Mr. Lammy: Trade unions have a key role to play in promoting the development of learning and skills in the workplace. To help them do this more effectively, we introduced the Union Learning Fund (ULF) in 1998. This funding is helping trade unions use their influence with employees, employers and training providers to encourage greater take-up of learning at work and boost their own capacity as learning organisations. The table sets out how much ULF funding has been awarded to the specific unions in each financial year from 1998/99 up to 2006/07.
The recently formed trade union UNITE has not yet received any ULF funding so details have been included of the funding awarded to those unions which have merged to form UNITEAMICUS, T and G, GPMU, AEEU, MSF and UNIFI.
Mr. MacNeil: To ask the Secretary of State for Business, Enterprise and Regulatory Reform what procedures his Department has in place to assess the performance of designated representative bodies under the Enterprise Act 2002. 
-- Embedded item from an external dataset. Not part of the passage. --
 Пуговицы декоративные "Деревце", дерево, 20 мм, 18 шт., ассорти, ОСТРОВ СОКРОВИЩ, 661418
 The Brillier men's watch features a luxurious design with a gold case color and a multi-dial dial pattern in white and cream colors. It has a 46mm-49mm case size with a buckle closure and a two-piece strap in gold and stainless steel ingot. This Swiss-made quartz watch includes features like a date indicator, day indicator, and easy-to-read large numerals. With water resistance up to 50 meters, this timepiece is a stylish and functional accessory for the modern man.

Mr. Thomas: In order to become a designated super-complainant, bodies must meet a number of stringent criteria. Designations are reviewed every two years to ensure continued compliance. There are also procedures in place for withdrawal of designation if a body no longer meets the criteria or if they are believed to be abusing the super-complaints process (e.g. for competitive advantage or commercial gain). Any super-complainant must also comply with the Office of Fair Tradings Guidance for designated consumer bodies.
Mr. MacNeil: To ask the Secretary of State for Business, Enterprise and Regulatory Reform what best practice guidance his Department has issued to representative bodies designated under the Enterprise Act 2002 on communication with consumers who have sought advice on obtaining redress under the Act. 
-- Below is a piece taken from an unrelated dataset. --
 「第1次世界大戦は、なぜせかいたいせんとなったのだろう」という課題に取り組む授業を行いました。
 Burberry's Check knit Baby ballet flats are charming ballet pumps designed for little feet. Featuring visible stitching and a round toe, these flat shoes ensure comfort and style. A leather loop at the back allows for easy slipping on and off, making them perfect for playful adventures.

Mr. Thomas: In the case of super-complaints, the Secretary of State has responsibility for the designation of super-complaints bodies. Best practice guidance on the making of super-complaints is the responsibility of the Office of Fair Trading.
In the case of consumer group claims, the Secretary of State is responsible for the designation of specified bodies. Guidance on bringing consumer group claims is the responsibility of the Competition Appeal Tribunal.
Mr. Hoban: To ask the Secretary of State for Business, Enterprise and Regulatory Reform what items of his Departments (a) revenue and (b) expenditure are uprated using (i) the consumer prices index, (ii) the retail prices index and (iii) other measures of inflation. 
Mr. Thomas: Where relevant, contracts which BERR has entered into will contain a clause to adjust expenditure and revenue in accordance with inflation. Revenue derived from charges or fees will follow appropriate guidance, and is subject to an inflator where this is recommended by the fees and charges guide.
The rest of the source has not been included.